Ideal scalp laceration repair requires speed, minimal pain, cosmetic acceptability, and easy follow-up. The usual repair procedure is cleaning and suturing. This procedure is slow and requires shaving the hair around the repair site. A return visit is required for removal of sutures. Alternative techniques have included stapling, tissue adhesives, and hair knotting. Combinations of adhesives and knotting have also been attempted to minimize knot slippage and improve results. Ong Eng Hock and associates used a randomized, multicenter trial to evaluate a technique of managing scalp lacerations using hair apposition with tissue adhesive that avoids actual knotting. They compared this hair apposition technique (HAT) with standard suturing, using end points of wound healing, complication rates, procedure duration, pain perception, and patient satisfaction.
Patients of all ages with linear scalp lacerations of less than 10 cm in length, at least 3 cm of scalp hair, and no severe contamination or profuse bleeding were asked to participate. One hundred eighty-eight patients available for follow-up were assigned to wound closure with HAT or a standard suturing technique using injected local anesthetic and shaving or trimming of the surrounding hair. Those who had standard sutures were required to return in one week to have them removed.
In patients randomized to the HAT group, hairs on both sides of the wound were brought together with a single twist and secured with tissue glue. Patients were told they could wash their hair after two days and that the glue would gradually fall off. They were instructed to return for wound inspection after one week.
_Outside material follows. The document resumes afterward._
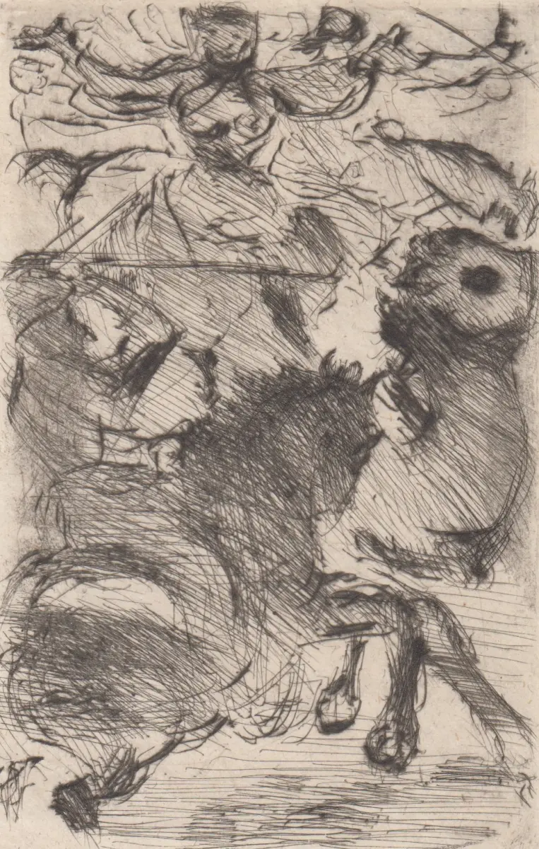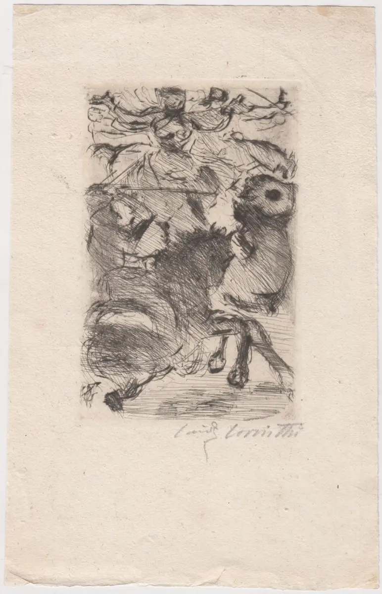 Bemerkungen: Zustand: Gut. Das Blatt ist altersbedingt minimal gebräunt und minimal fleckig. in der linken oberen Ecke befindet sich eine winzige Knickspur außerdem weist das Papier einen kleinen Riss am unteren Rand auf // Es handelt sich um eine Radierung von Lovis Corinth. Die Grafik, mit dem Titel Adhba das Kamel (Adhba the Camel) ist um 1919 entstanden. Der Druck selbst ist in einem sehr guten Zustand und die Linien sehr klar. Er hat ein Motivmaß von 13,5 x 8,6 cm und ist rechtseits unterhalb vom Künstler signiert. Lovis Corinth (18581925) war ein bedeutender deutscher Maler, Zeichner und Grafiker des späten 19. und frühen 20. Jahrhunderts. Er gilt als eine Schlüsselfigur des Übergangs vom Realismus und Impressionismus zum Expressionismus in der deutschen Kunst.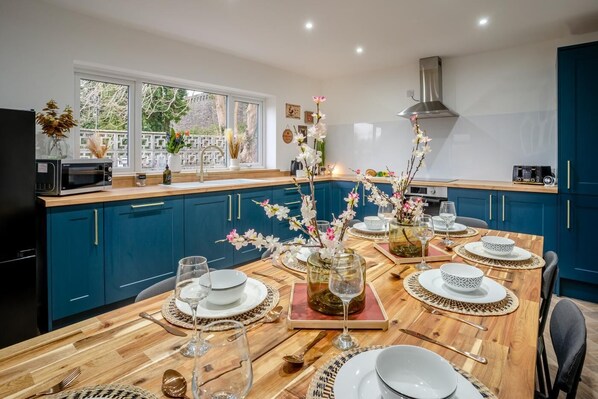- Electric oven and hob, microwave, fridge/freezer, washing machine, dishwasher, coffee machine

Wound healing was more satisfactory in the HAT group than in the standard suturing group; all four cases of wound breakdown occurred among those who had undergone standard suturing. Scarring was more common in the standard suturing group. There was no difference in infection or postprocedural bleeding between the two groups. The HAT procedure required less time, caused less pain by patient report, and was found acceptable by more patients than the standard suturing procedure. In addition, shaving and suture removal were not required.
The authors conclude that in patients who have enough hair of adequate length and whose scalp lacerations are not profusely bleeding or grossly contaminated, HAT may be a better scalp laceration repair technique.